Automated Signal Processing Applied to Volatile-Based Inspection of Greenhouse Crops

Abstract

Gas chromatograph–mass spectrometers (GC-MS) have been used and shown utility for volatile-based inspection of greenhouse crops. However, a widely recognized difficulty associated with GC-MS application is the large and complex data generated by this instrument. As a consequence, experienced analysts are often required to process this data in order to determine the concentrations of the volatile organic compounds (VOCs) of interest. Manual processing is time-consuming, labour intensive and may be subject to errors due to fatigue. The objective of this study was to assess whether or not GC-MS data can also be automatically processed in order to determine the concentrations of crop health associated VOCs in a greenhouse. An experimental dataset that consisted of twelve data files was processed both manually and automatically to address this question. Manual processing was based on simple peak integration while the automatic processing relied on the algorithms implemented in the MetAlign™ software package. The results of automatic processing of the experimental dataset resulted in concentrations similar to that after manual processing. These results demonstrate that GC-MS data can be automatically processed in order to accurately determine the concentrations of crop health associated VOCs in a greenhouse. When processing GC-MS data automatically, noise reduction, alignment, baseline correction and normalisation are required.

1. Introduction

Costs associated with pests and diseases of greenhouse crops are high and likely to get much higher in the future. Reliable estimates of these costs are not available and greenhouse growers are notably reticent about reporting their losses [1]. Nonetheless, evidence for high costs is reflected in pest control expenditures.
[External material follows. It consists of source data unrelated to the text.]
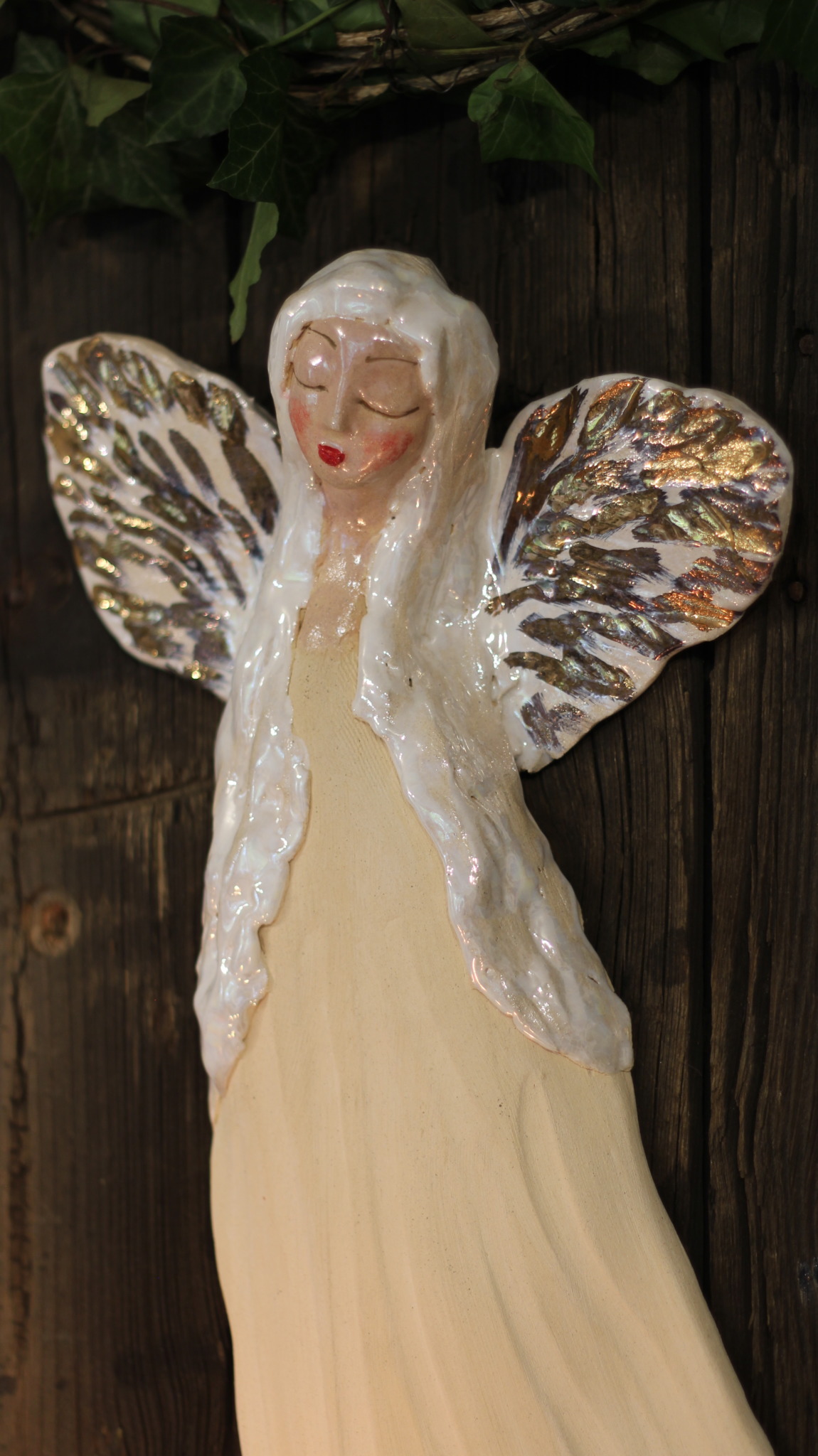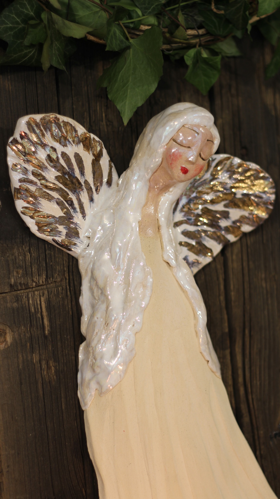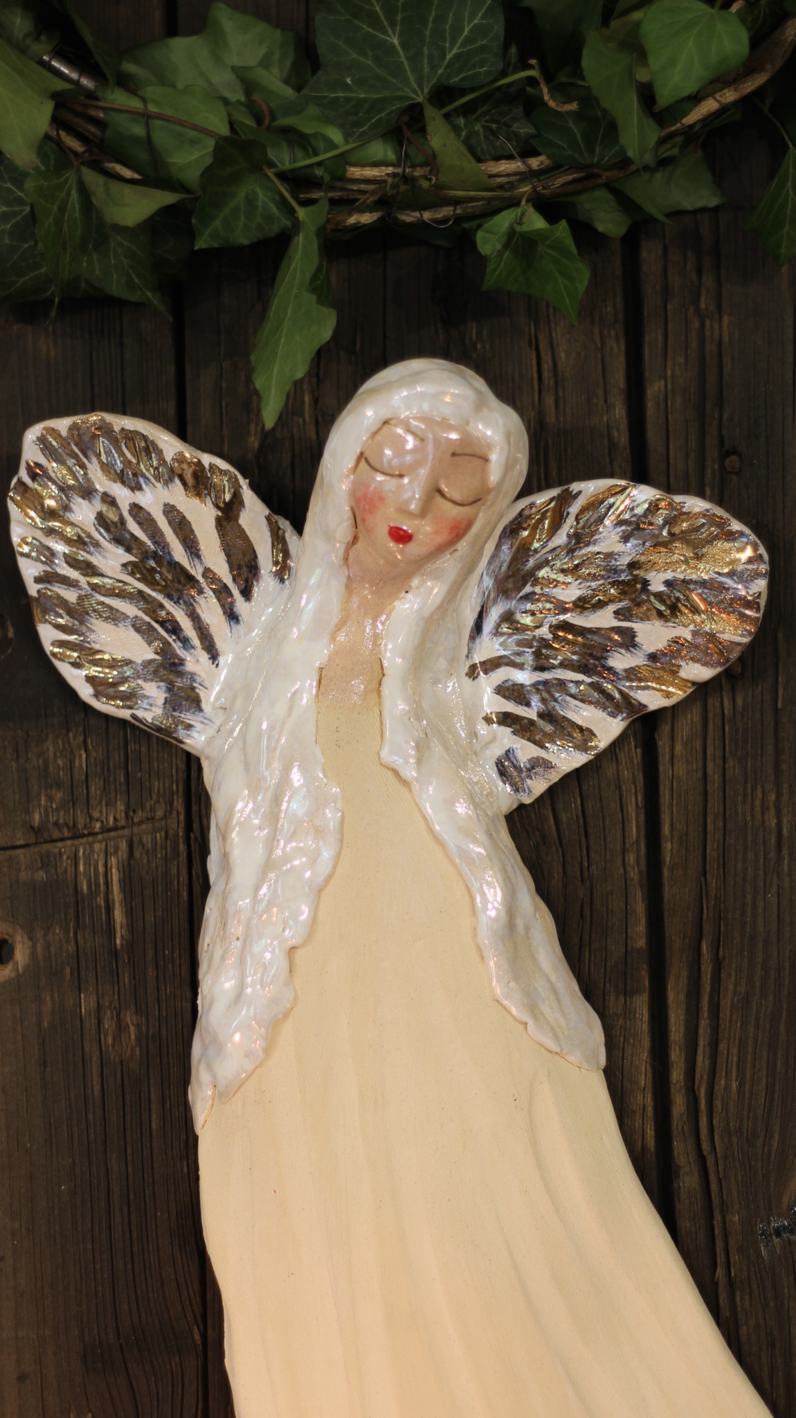 Anioł ceramiczny, wykonany ręcznie z gliny w pojedynczym egzemplarzu. Trzykrotnie wypalany, szkliwiony a w detalach pokryty złotem i metalami szlachetnymi. Stanowi świetną propozycję dla unikatowego prezentu dla bliskiej osoby oraz oryginalną ozdobę ścienną.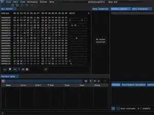 Запустите редактор ImHex (или любой другой шестнадцатеричный редактор) и откройте первый бинарный файл, прочитанный с чипа на предыдущем шаге.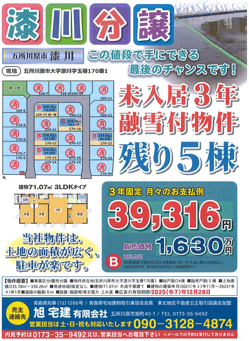 TEL.0173-35-9492 時間外 080-6057-0002 営業担当 090-3128-4874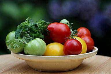 Keywords: still life vegetables tomatoes green yellow red ceramic bowl healthy eat

For instance, in the UK, the total cost of pest control in greenhouses (biological control agents, pesticides, monitoring and labour) was estimated at €8,500–18,000 per hectare per season (converted from UK currency) [2]. High costs provide an incentive to invest into costly and risky research and development of new technologies for detection of pest and disease threats at an early stage. An early detection would facilitate immediate action and prevent further spread by controlling the problem right at the source.

Plants release volatile organic compounds (VOCs) induced by the presence of pests and pathogens, [3–5]. Therefore, a novel approach to the detection of pests and pathogens might be based upon the analysis of air samples for the presence of these VOCs. Different types of instruments including electronic noses, biosensors, and gas chromatograph—mass spectrometers (GC-MS) have been used to analyse air for VOCs [6–8]. From a technological point of view, GC-MS is preferred because it shows a favourable combination of high selectivity and resolution, good accuracy and precision, wide dynamic concentration range, high sensitivity and the prospect for onsite application [9,10]. Unquestionably, GC-MS systems are expensive and costly to maintain. But, the price for GC-MS systems has dropped significantly and at the same time more robust GC-MS systems have been developed [11–13]. These developments leads one to expect that GC-MS might be used for the detection of pests and pathogens in greenhouses in the future.

A widely recognized difficulty associated with GC-MS application is the large and complex datasets generated by this instrument. As a consequence, experienced analysts are often required to process this data in order to determine the concentrations of the chemical compounds of interest [14]. Manual processing is time-consuming, labour intensive and may be subject to errors due to fatigue. These aspects are considered to be the limiting factors in the effective application of GC-MS based crop health monitoring in the 21st century. Developments in computer technology and software have increased the opportunity to automatically process GC-MS data within a reasonable time.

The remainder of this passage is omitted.